Search code examples
google-cloud-dataflowdataflow

Is there a way to upload jars for a dataflow job so we don't have to serialize everything?


As an example, I remember in hadoop I could make classes serializable or give a path with the jars needed for my job. I had either option. I am wondering if this is true in a dataflow job such that I can have all the clients we have in jar files to be packaged for all the workers.

In our case, we have MicroserviceApi and a generated client, etc. and would prefer to output to that downstream microservice without having to make it serializable.

Is there a method to do this?


Solution

    1. First, let me clarify about serialization

    When you add implements Serializable to a class in Java, you make it such that object instances of that class can be serialized (not the class itself). The destination JVM needs to have access to the class to be able to understand the serialized instances that you send to it. So, in fact you always need to provide the JAR for it.

    Beam has code to automatically find all JARs in your classpath and upload them to Dataflow or whatever runner you're using, so if the JAR is in your classpath, then you don't need to worry about it (if you're using Maven/Gradle and specifying it as a dependency, then you're most likely fine).


    1. Now, how can I use a class in Beam if it's not serializable?

    In Beam, the more important part of it is to figure out where and when the different parts of the pipeline code will execute. Some things execute at pipeline construction time and some things execute at pipeline running time.

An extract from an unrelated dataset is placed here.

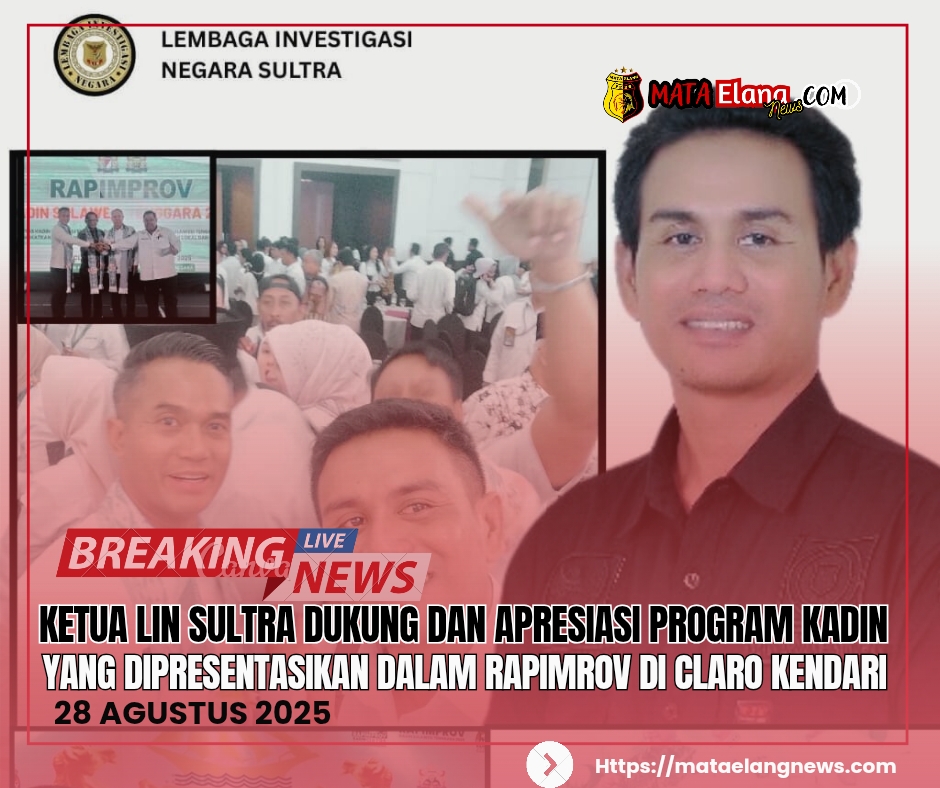 Mataelangnews.com || Kendari-Sultra, – Ketua Lembaga Investigasi Negara (LIN) Provinsi Sulawesi Tenggara, Adyansyah, memberikan apresiasi dan dukungan penuh atas langkah jitu yang dilakukan oleh Ketua Kamar Dagang dan Industri (Kadin) Sultra, Anton Timbang, dalam menyukseskan Rapat Pimpinan Provinsi (Rapimprov) Kadin Sultra Tahun 2025 yang digelar di Hotel Claro Kendari, Rabu (27/8/2025).

    Things that run at construction time

    • Constructors for all your classes (DoFns, PTransforms, etc)
    • The expand method of your PTransforms

    Things that run at executuion time

    • For your DoFns: ProcessElement, StartBundle, FinishBundle, Setup, TearDown methods.

    If your class does not implement serializable, but you want to access it at execution time, then you need to create it at execution time. So, suppose that you have a DoFn:

    class MyDoFnImplementation extends DoFn<String, String> {
    
      // All members of the object need to be serializable. String is easily serializable.
      String config;
      // Your MicroserviceApi is *not* serializable, so you can mark it as transient.
      // The transient keyword ensures that Java will ignore the member when serializing.
      transient MicroserviceApi client;
    
      public MyDoFnImplementation(String configuration) {
        // This code runs at *construction time*.
        // Anything you create here needs to be serialized and sent to the runner.
        this.config = configuration;
      }
    
      @ProcessElement
      public void process(ProcessContext c) {
        // This code runs at execution time. You can create your object here.
        // Add a null check to ensure it's only created once.
        // You can also create it at @Setup or @StartBundle.
        if (client == null) client = new MicroserviceApi(this.config);
      }
    }
    

    By ensuring that objects are created at execution time, you can avoid the need to make them serializable - but your configuration needs to be serializable.